(DATA FOR PROCESSING begins)

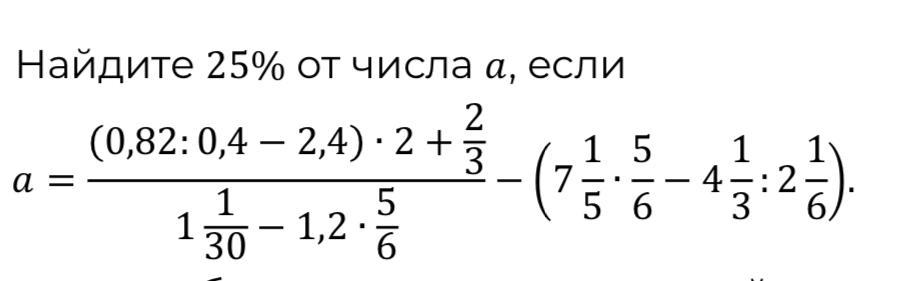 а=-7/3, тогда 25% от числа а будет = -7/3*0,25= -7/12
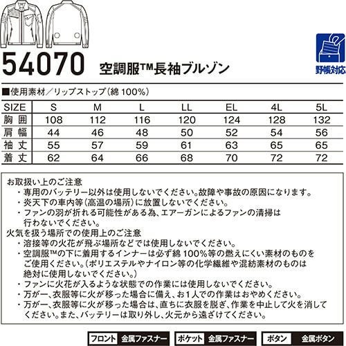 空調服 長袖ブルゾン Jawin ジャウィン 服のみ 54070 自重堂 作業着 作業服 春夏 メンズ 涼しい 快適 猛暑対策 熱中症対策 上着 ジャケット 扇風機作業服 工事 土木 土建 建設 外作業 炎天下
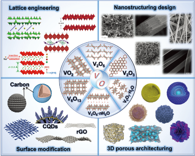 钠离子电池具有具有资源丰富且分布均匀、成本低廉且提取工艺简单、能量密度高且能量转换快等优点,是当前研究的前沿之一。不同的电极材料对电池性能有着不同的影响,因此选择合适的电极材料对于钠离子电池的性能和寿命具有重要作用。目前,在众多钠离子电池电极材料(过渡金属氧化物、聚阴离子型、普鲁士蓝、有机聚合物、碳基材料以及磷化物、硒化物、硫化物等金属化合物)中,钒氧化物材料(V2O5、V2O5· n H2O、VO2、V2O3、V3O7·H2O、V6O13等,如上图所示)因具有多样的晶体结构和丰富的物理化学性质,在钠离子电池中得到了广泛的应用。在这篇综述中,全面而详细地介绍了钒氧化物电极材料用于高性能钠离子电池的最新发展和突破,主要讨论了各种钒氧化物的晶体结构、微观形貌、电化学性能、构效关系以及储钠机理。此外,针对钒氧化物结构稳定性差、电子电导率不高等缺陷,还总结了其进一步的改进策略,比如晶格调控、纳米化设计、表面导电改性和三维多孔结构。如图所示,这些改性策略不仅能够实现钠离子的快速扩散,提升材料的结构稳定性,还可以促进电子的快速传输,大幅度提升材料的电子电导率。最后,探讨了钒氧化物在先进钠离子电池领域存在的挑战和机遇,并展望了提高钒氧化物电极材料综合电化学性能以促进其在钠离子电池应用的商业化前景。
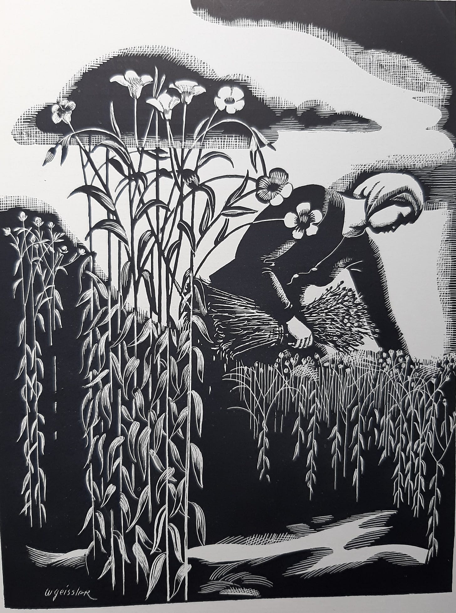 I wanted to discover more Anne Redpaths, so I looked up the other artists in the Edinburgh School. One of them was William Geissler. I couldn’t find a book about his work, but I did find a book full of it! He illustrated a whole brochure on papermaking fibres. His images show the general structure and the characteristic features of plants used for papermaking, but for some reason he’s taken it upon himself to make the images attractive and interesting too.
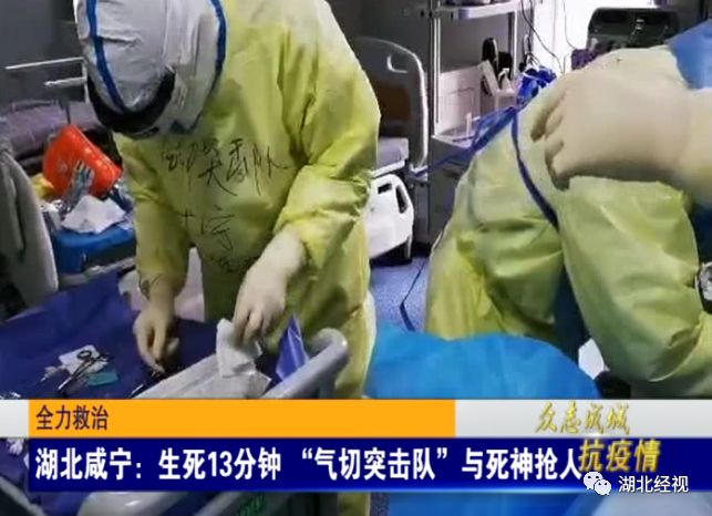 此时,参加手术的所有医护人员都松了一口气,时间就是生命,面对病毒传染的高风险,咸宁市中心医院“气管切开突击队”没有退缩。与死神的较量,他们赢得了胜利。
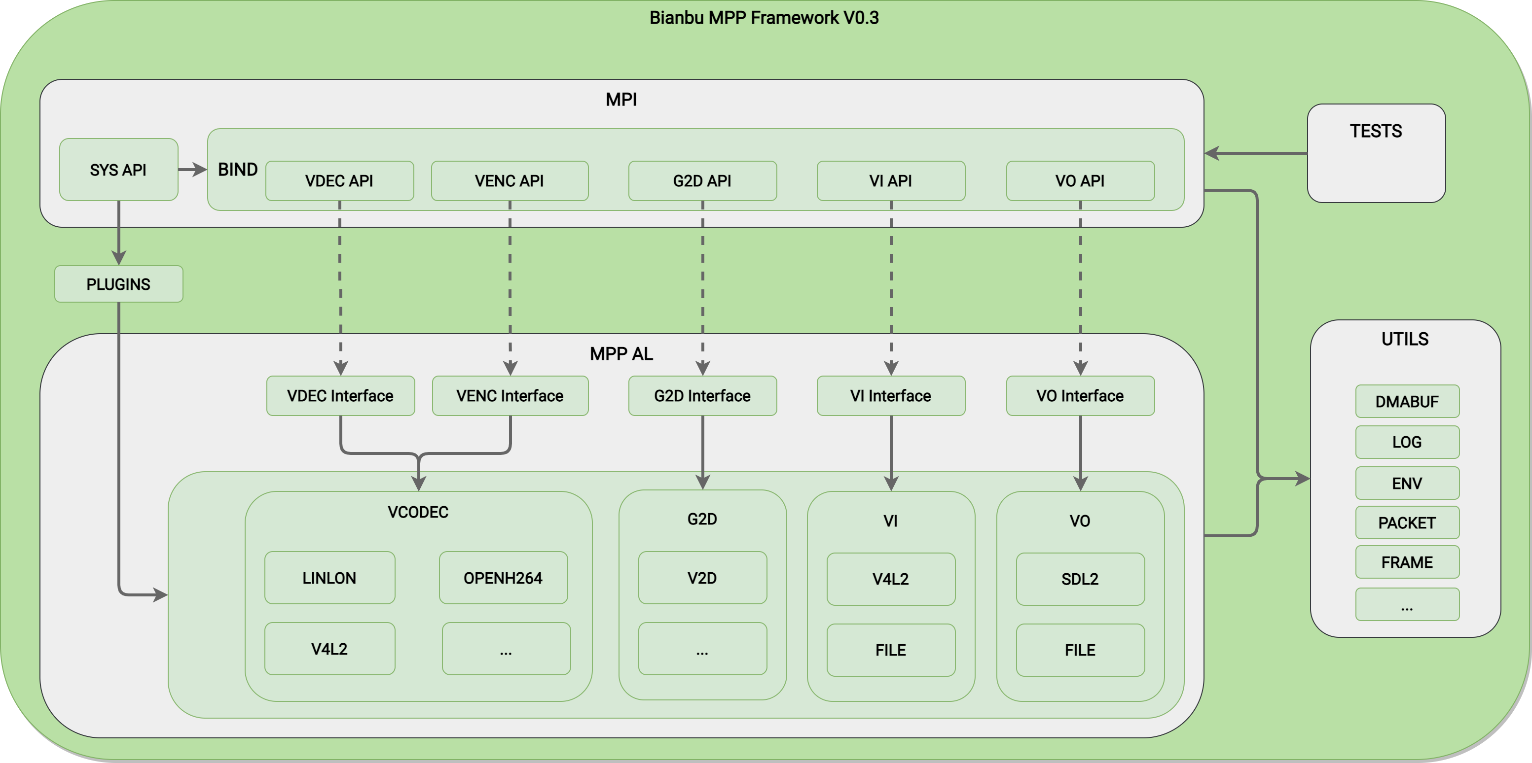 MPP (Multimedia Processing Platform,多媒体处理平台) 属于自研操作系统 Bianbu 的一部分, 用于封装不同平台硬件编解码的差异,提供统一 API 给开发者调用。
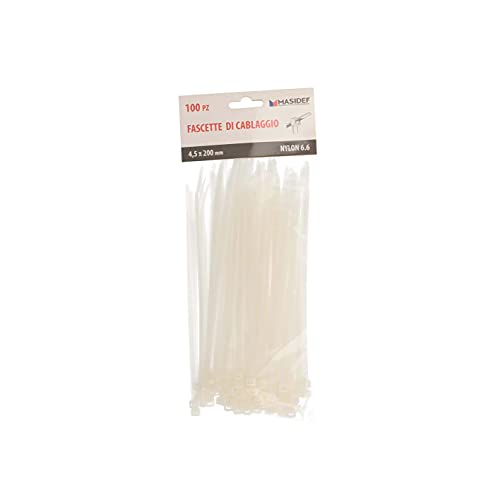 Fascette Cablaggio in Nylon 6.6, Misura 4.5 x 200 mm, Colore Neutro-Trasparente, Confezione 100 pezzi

(DATA FOR PROCESSING ends)
(DATA FOR PROCESSING begins)

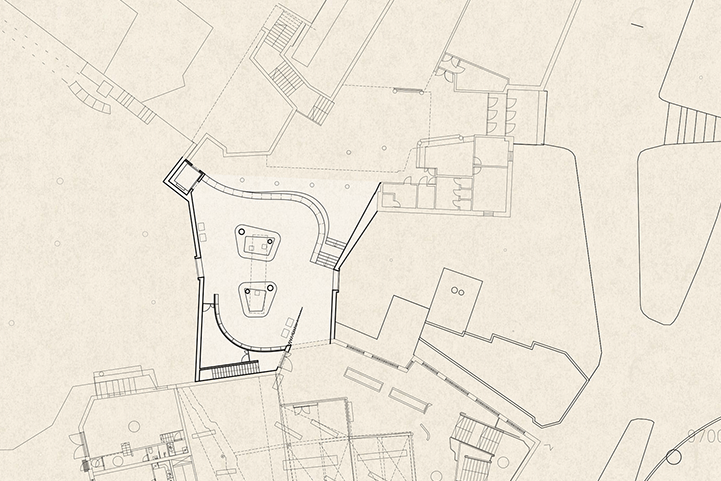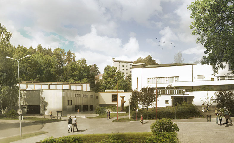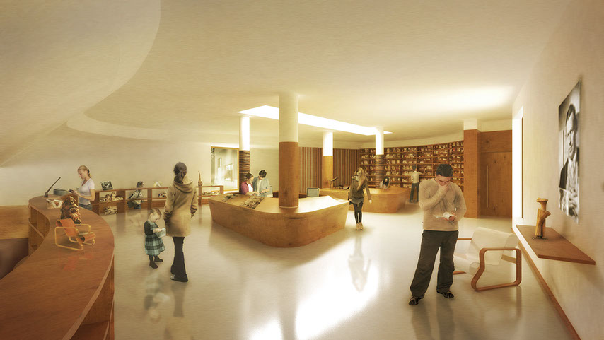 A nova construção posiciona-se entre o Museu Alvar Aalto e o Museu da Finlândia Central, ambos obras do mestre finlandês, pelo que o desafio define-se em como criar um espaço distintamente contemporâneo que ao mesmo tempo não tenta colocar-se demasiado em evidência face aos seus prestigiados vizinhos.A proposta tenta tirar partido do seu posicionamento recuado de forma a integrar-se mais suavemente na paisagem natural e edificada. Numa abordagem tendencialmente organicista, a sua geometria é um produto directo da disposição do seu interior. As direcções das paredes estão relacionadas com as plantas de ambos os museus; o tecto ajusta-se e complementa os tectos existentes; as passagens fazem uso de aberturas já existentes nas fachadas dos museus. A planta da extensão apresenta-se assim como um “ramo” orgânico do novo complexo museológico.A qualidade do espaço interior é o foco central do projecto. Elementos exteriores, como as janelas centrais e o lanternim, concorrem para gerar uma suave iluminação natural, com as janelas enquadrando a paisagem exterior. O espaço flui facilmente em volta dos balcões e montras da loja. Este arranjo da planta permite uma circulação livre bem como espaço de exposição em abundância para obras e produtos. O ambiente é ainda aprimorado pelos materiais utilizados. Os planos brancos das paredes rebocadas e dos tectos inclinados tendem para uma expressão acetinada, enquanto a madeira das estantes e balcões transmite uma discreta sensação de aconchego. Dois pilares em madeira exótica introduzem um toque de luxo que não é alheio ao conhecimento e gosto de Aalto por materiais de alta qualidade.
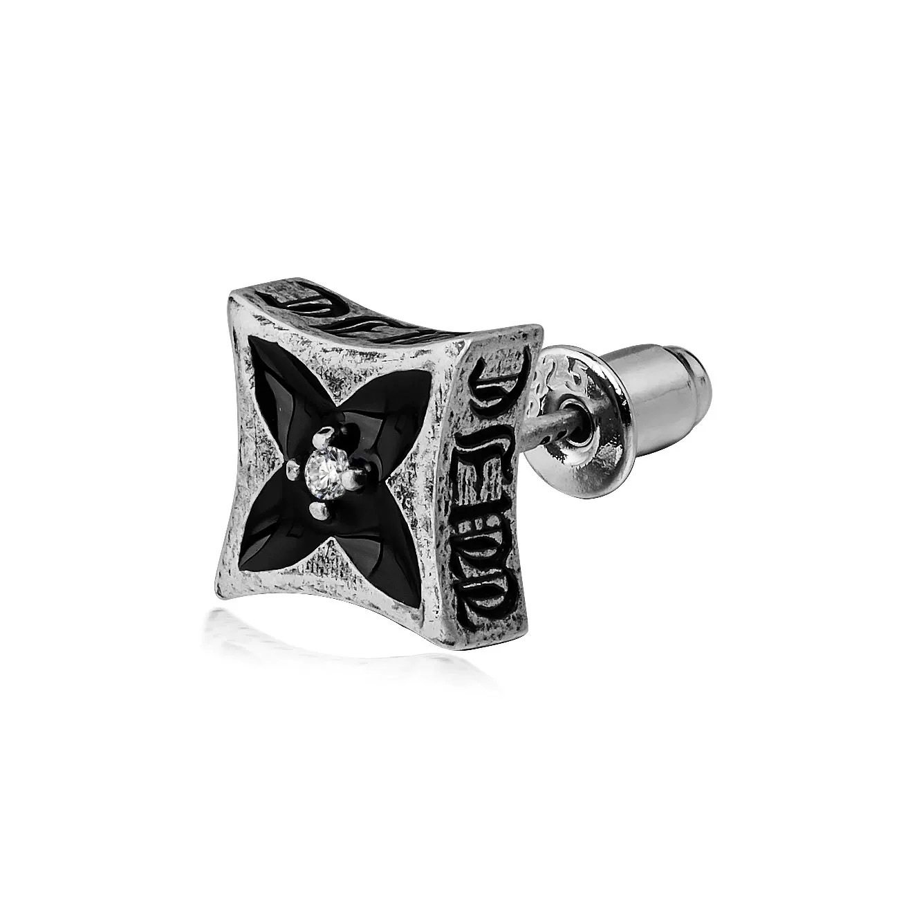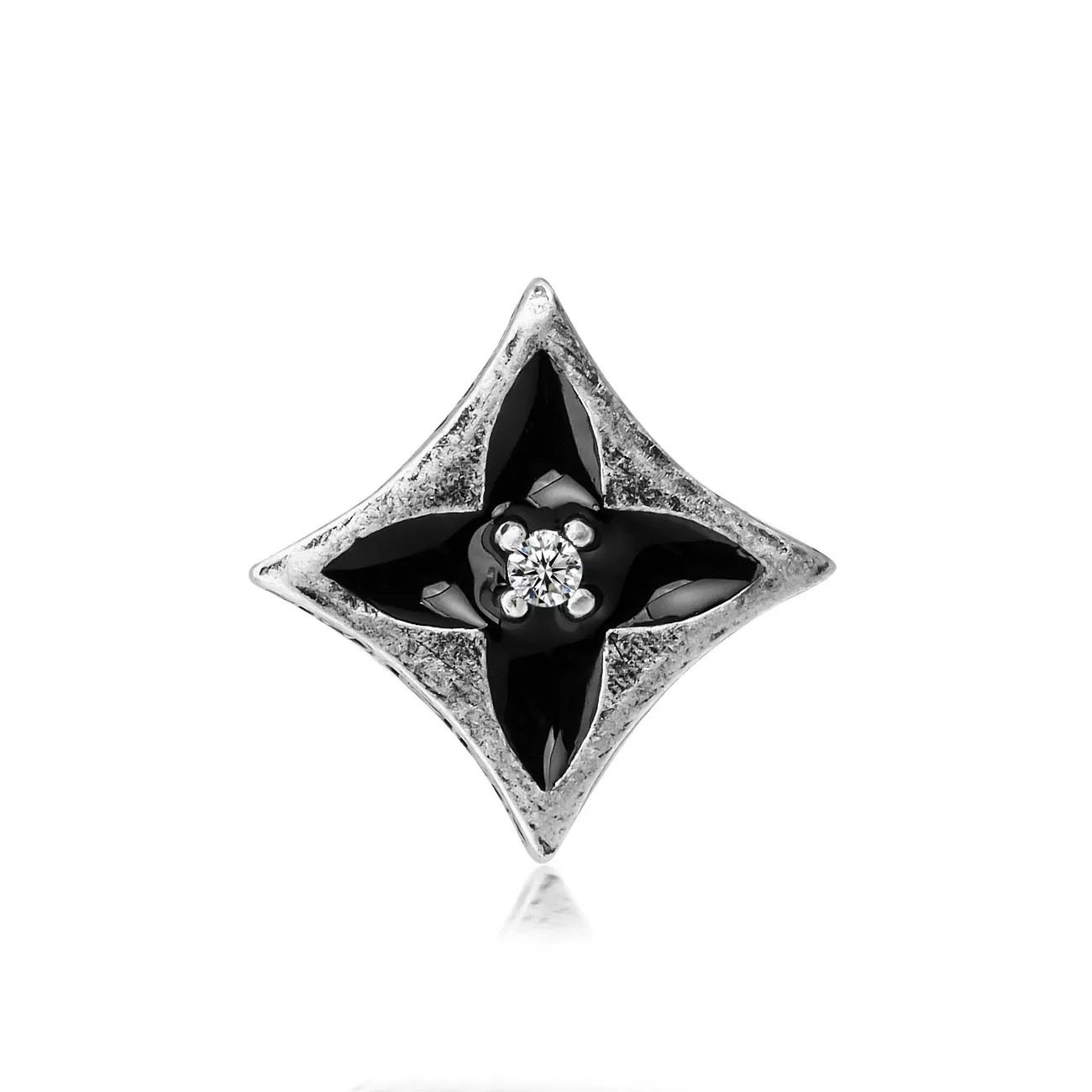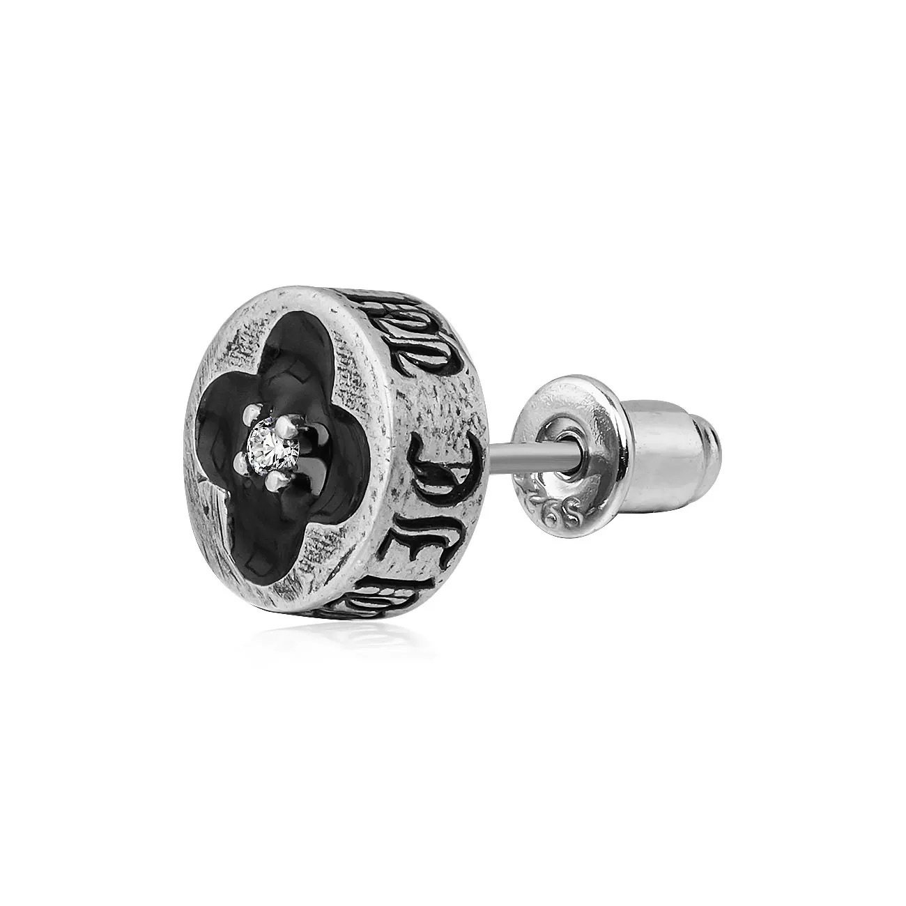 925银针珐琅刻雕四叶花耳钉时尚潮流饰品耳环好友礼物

(DATA FOR PROCESSING ends)
(DATA FOR PROCESSING begins)

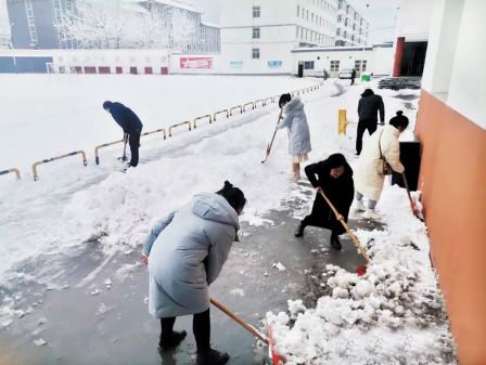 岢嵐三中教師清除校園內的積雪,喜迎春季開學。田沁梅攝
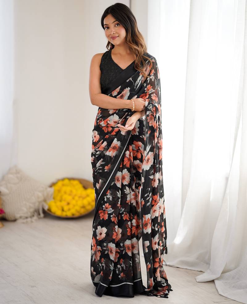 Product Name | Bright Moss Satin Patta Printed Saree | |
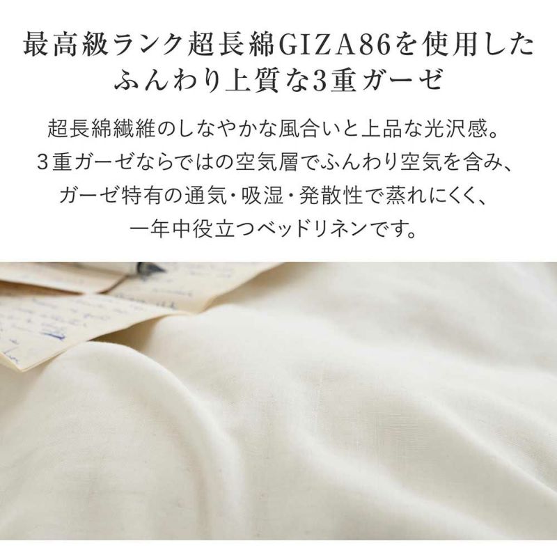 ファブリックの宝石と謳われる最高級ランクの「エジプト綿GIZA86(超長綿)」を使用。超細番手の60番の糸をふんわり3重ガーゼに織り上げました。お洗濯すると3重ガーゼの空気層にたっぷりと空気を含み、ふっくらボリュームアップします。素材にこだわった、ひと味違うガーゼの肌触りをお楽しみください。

(DATA FOR PROCESSING ends)

WHAT THE TASK REQUIRES =
Start at the line above containing "а=-7/3, тогда 25%" and stop at the line containing "I wanted to": print those lines and everything between them exactly, but not the pictures.

OUTPUT FOR THIS EXERCISE =
 а=-7/3, тогда 25% от числа а будет = -7/3*0,25= -7/12
 空調服 長袖ブルゾン Jawin ジャウィン 服のみ 54070 自重堂 作業着 作業服 春夏 メンズ 涼しい 快適 猛暑対策 熱中症対策 上着 ジャケット 扇風機作業服 工事 土木 土建 建設 外作業 炎天下
 钠离子电池具有具有资源丰富且分布均匀、成本低廉且提取工艺简单、能量密度高且能量转换快等优点,是当前研究的前沿之一。不同的电极材料对电池性能有着不同的影响,因此选择合适的电极材料对于钠离子电池的性能和寿命具有重要作用。目前,在众多钠离子电池电极材料(过渡金属氧化物、聚阴离子型、普鲁士蓝、有机聚合物、碳基材料以及磷化物、硒化物、硫化物等金属化合物)中,钒氧化物材料(V2O5、V2O5· n H2O、VO2、V2O3、V3O7·H2O、V6O13等,如上图所示)因具有多样的晶体结构和丰富的物理化学性质,在钠离子电池中得到了广泛的应用。在这篇综述中,全面而详细地介绍了钒氧化物电极材料用于高性能钠离子电池的最新发展和突破,主要讨论了各种钒氧化物的晶体结构、微观形貌、电化学性能、构效关系以及储钠机理。此外,针对钒氧化物结构稳定性差、电子电导率不高等缺陷,还总结了其进一步的改进策略,比如晶格调控、纳米化设计、表面导电改性和三维多孔结构。如图所示,这些改性策略不仅能够实现钠离子的快速扩散,提升材料的结构稳定性,还可以促进电子的快速传输,大幅度提升材料的电子电导率。最后,探讨了钒氧化物在先进钠离子电池领域存在的挑战和机遇,并展望了提高钒氧化物电极材料综合电化学性能以促进其在钠离子电池应用的商业化前景。
 I wanted to discover more Anne Redpaths, so I looked up the other artists in the Edinburgh School. One of them was William Geissler. I couldn’t find a book about his work, but I did find a book full of it! He illustrated a whole brochure on papermaking fibres. His images show the general structure and the characteristic features of plants used for papermaking, but for some reason he’s taken it upon himself to make the images attractive and interesting too.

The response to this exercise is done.